(Saved data entries)
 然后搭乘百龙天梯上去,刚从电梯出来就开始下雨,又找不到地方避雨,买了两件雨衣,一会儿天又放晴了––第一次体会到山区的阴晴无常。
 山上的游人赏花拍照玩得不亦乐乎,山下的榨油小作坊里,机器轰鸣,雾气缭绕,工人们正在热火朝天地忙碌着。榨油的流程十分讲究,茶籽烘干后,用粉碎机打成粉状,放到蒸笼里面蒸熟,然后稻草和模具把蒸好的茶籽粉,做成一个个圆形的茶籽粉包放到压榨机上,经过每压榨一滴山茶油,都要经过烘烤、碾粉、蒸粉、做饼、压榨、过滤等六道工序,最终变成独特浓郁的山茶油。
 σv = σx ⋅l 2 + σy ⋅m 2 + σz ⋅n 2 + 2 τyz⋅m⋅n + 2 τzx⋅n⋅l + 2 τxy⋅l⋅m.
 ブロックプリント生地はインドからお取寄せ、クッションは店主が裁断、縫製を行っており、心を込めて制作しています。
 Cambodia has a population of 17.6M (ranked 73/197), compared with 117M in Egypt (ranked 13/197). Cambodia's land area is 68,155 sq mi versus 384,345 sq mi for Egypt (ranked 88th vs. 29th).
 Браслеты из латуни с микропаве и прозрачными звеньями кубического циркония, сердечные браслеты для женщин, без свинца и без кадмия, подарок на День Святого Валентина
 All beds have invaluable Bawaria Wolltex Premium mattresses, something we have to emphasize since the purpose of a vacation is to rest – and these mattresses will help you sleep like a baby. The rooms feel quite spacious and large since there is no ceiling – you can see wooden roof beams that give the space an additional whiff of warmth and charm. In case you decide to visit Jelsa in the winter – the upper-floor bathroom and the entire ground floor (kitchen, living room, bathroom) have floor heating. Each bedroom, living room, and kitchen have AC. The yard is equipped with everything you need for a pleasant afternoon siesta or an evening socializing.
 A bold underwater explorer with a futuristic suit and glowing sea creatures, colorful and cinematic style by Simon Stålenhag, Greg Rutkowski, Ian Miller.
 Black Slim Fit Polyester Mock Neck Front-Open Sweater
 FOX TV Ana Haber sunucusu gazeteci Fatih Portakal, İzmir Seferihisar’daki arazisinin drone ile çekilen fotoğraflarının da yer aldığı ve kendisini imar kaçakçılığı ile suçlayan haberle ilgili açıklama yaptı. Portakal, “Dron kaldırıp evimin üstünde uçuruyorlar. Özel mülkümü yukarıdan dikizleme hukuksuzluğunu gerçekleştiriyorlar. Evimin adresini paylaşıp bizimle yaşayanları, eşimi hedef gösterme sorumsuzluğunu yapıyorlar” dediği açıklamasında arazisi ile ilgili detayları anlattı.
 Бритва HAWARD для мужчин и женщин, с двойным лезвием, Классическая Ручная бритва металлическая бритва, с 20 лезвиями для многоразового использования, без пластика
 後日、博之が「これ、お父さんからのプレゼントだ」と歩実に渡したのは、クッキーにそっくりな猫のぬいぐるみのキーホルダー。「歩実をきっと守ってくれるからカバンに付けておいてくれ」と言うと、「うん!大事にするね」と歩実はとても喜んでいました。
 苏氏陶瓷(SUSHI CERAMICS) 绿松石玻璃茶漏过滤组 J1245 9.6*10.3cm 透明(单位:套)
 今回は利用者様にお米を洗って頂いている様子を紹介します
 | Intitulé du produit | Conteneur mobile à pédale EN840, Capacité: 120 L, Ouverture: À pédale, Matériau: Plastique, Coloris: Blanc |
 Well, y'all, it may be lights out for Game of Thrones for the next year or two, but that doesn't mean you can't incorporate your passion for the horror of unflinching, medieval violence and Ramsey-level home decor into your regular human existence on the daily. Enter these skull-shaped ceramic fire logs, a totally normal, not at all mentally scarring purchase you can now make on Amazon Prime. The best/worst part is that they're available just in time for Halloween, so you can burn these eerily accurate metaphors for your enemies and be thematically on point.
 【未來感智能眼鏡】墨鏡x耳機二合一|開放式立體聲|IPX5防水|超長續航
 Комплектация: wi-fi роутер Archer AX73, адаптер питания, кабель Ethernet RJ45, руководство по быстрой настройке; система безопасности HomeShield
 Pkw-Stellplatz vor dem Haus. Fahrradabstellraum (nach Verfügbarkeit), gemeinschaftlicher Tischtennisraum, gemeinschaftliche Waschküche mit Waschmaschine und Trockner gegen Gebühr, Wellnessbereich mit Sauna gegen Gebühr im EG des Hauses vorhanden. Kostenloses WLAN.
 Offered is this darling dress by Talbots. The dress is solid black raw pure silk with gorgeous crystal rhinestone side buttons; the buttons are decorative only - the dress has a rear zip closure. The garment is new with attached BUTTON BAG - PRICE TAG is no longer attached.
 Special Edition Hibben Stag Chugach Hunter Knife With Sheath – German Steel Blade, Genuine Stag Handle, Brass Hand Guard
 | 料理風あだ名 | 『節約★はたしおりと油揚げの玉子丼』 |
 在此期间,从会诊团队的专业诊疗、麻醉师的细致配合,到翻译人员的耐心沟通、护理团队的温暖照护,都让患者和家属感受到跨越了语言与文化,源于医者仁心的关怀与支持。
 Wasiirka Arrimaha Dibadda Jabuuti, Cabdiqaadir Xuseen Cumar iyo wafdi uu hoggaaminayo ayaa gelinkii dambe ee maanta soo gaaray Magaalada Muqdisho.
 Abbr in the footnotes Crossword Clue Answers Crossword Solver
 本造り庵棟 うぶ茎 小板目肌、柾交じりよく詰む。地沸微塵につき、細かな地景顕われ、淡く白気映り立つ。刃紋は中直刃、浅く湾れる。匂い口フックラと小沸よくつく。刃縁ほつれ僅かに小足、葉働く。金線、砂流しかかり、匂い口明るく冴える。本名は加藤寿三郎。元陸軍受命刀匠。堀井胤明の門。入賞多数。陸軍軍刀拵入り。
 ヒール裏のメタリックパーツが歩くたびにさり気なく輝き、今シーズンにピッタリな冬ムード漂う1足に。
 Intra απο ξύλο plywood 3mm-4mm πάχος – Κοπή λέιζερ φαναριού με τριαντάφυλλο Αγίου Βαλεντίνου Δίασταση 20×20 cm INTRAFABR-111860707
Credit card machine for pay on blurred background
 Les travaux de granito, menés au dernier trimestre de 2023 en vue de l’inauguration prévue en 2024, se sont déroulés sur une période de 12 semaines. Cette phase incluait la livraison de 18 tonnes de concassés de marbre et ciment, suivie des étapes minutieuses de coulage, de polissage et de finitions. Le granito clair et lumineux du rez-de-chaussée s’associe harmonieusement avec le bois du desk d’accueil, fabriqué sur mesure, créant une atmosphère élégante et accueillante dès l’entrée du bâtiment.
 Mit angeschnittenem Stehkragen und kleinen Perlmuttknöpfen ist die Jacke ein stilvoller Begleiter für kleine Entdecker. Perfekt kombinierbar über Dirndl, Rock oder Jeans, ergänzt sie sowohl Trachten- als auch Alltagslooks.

▶ Work instruction
Lines above with the string "these" need to be found and copied.

▶ Your response
 All beds have invaluable Bawaria Wolltex Premium mattresses, something we have to emphasize since the purpose of a vacation is to rest – and these mattresses will help you sleep like a baby. The rooms feel quite spacious and large since there is no ceiling – you can see wooden roof beams that give the space an additional whiff of warmth and charm. In case you decide to visit Jelsa in the winter – the upper-floor bathroom and the entire ground floor (kitchen, living room, bathroom) have floor heating. Each bedroom, living room, and kitchen have AC. The yard is equipped with everything you need for a pleasant afternoon siesta or an evening socializing.
 Well, y'all, it may be lights out for Game of Thrones for the next year or two, but that doesn't mean you can't incorporate your passion for the horror of unflinching, medieval violence and Ramsey-level home decor into your regular human existence on the daily. Enter these skull-shaped ceramic fire logs, a totally normal, not at all mentally scarring purchase you can now make on Amazon Prime. The best/worst part is that they're available just in time for Halloween, so you can burn these eerily accurate metaphors for your enemies and be thematically on point.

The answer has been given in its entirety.